Under US law the legal definition of bribery includes soliciting getting something of value for an official act:
Bribery
We have gone over this here several times, but you seem to miss the distinction. I will try to be succinct.
When Joe Biden led the delegation to the Ukraine to pressure the Ukrainian government to remove prosecutor Viktor Shokin, it was because Shokin was NOT investigating corruption in the Ukraine, including the gas company Hunter Biden was working for Burisma Holdings. Since his removal, Burisma and its president has been investigated for failure to pay taxes and questionable practices getting contracts. All of the instances of contract irregularities happened before Hunter Biden was involved with the company. Hunter Biden had no connection to any of the tax irregularities. There are many stories from many sources laying out the facts including this story:
What really happened when Biden forced out Ukraine's top prosecutor
As has been mentioned above, what Joe Biden did was done completely in the open and many Republican law makers applauded it at the time, as did American allies.

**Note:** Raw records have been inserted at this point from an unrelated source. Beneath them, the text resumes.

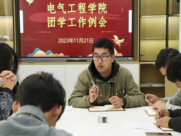 会议伊始,由团总支副书记张梦梦、学生会主席栗豪做月度工作报告,分别从思想政治学习、团学活动开展、社会实践服务等层面做简要报告;随后,由办公部部长崔文兵、刘邦杰分别宣读团总支、学生会12月份工作计划,确立工作重点,提前策划布置;最后,由我院团总支负责人臧铭老师做进一步总结部署。他指出,团总支、学生会是电气工程学院学生群体的先进代表,在日常工作中各位成员既要有责任意识,发挥好表率作用,也要有服务意识,深入基层学生团体了解学生诉求,同时,也希望大家能够在服务中提升和锻炼自己,促进自身的全面发展,并要求各部门要注重学习培训,拓宽服务范围,夯实责任落实,为建设更好的团学组织而不断团结奋斗。
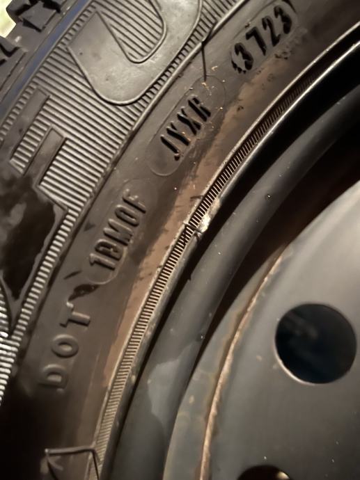 Zimske gume u odličnom stanju, DOT 3723, korištene jednu zimsku sezonu. Čelični naplatci, rupe 5x114.3, 4 komada.
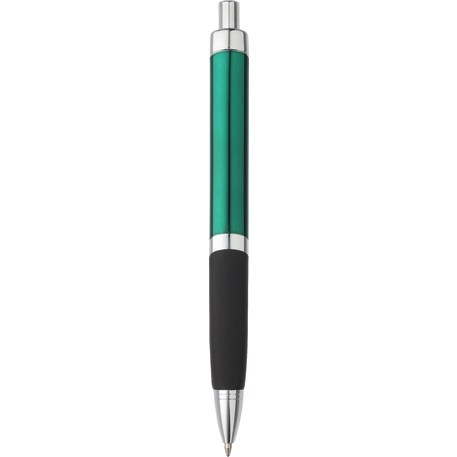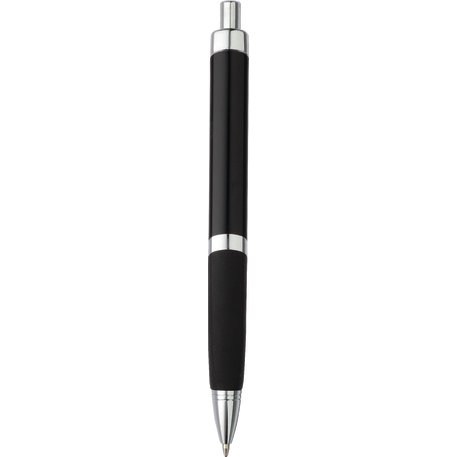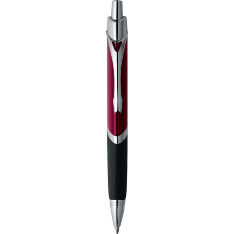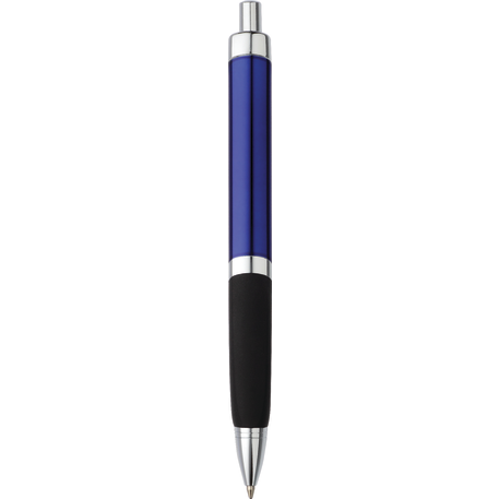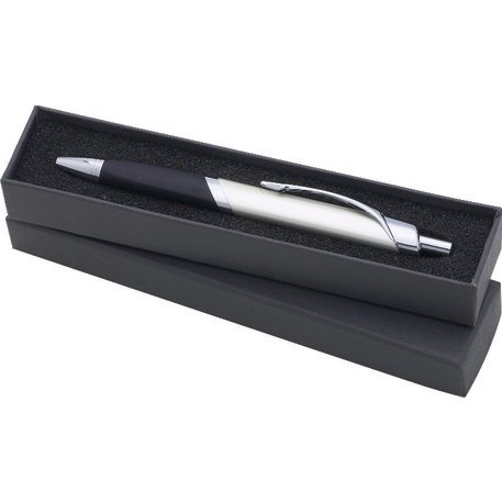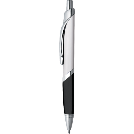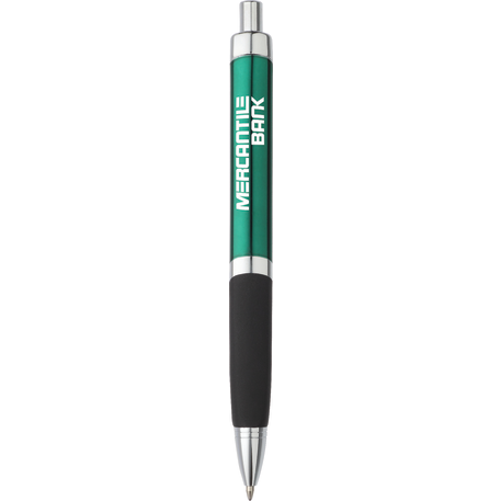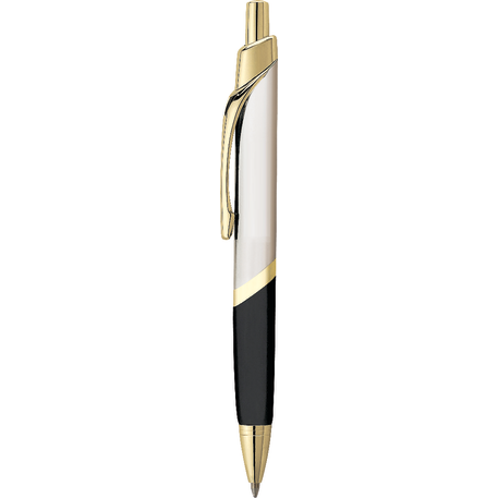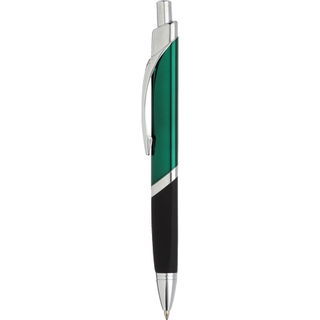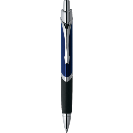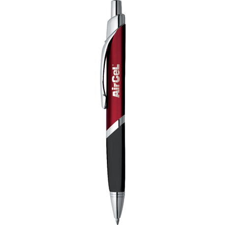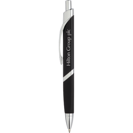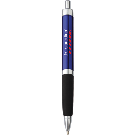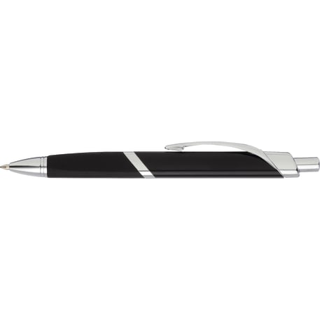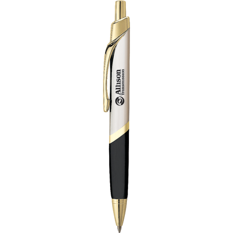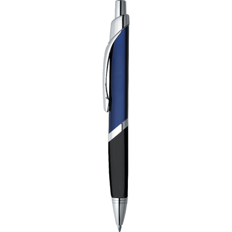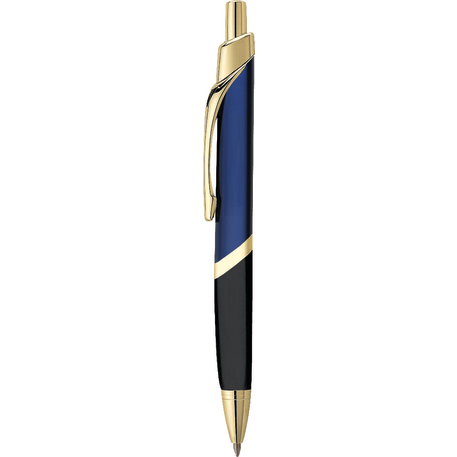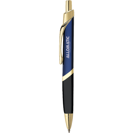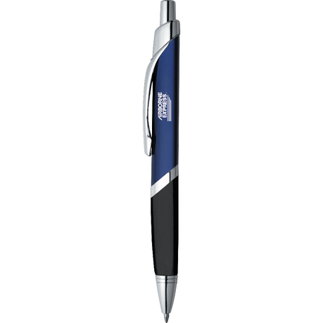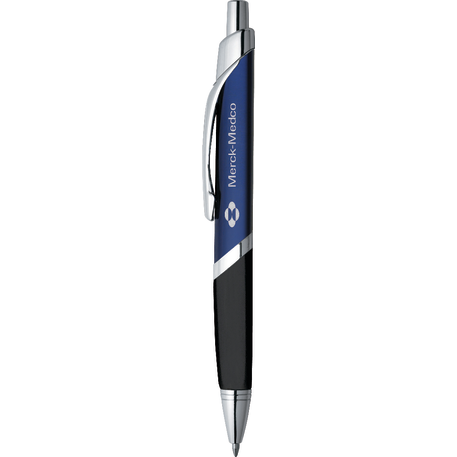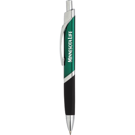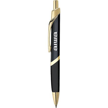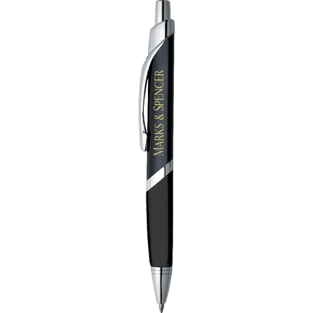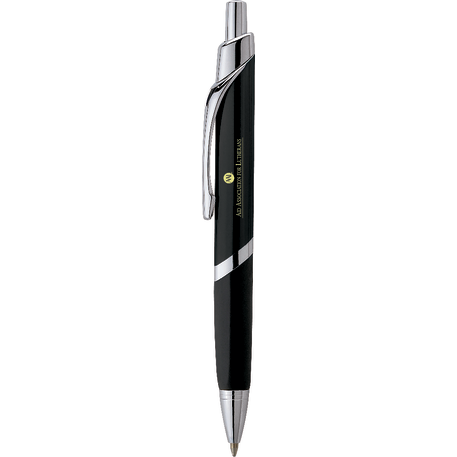 The SoBe Ballpoint Pen has a retractable ballpoint that features a triangular-shaped barrel with chrome trim. It comes in several different colors. This pen features a 1.0mm tip and black/blue ink. Laser finish is shiny brass.

What Trump did was withhold aid authorized by Congress and asked the Ukraine to do a
personal favor to him in exchange for carrying out the duty he was obligated to do by law. There is ample evidence that the hoops the Trump administration jumped through to hold up the aid were so extreme two civil servants who would normally be handling this sort of thing resigned over it citing they were being asked to break the law. There are witnesses to the July 25th phone call who have testified that they were very concerned about Trump's behavior on the phone call.
In short Trump asked the Ukraine to do him a favor that would benefit him personally (announce they were going to investigate his political opponent) in exchange for his legal duty to deliver aid authorized by Congress. His administration went to extremes to hold up that aid illegally.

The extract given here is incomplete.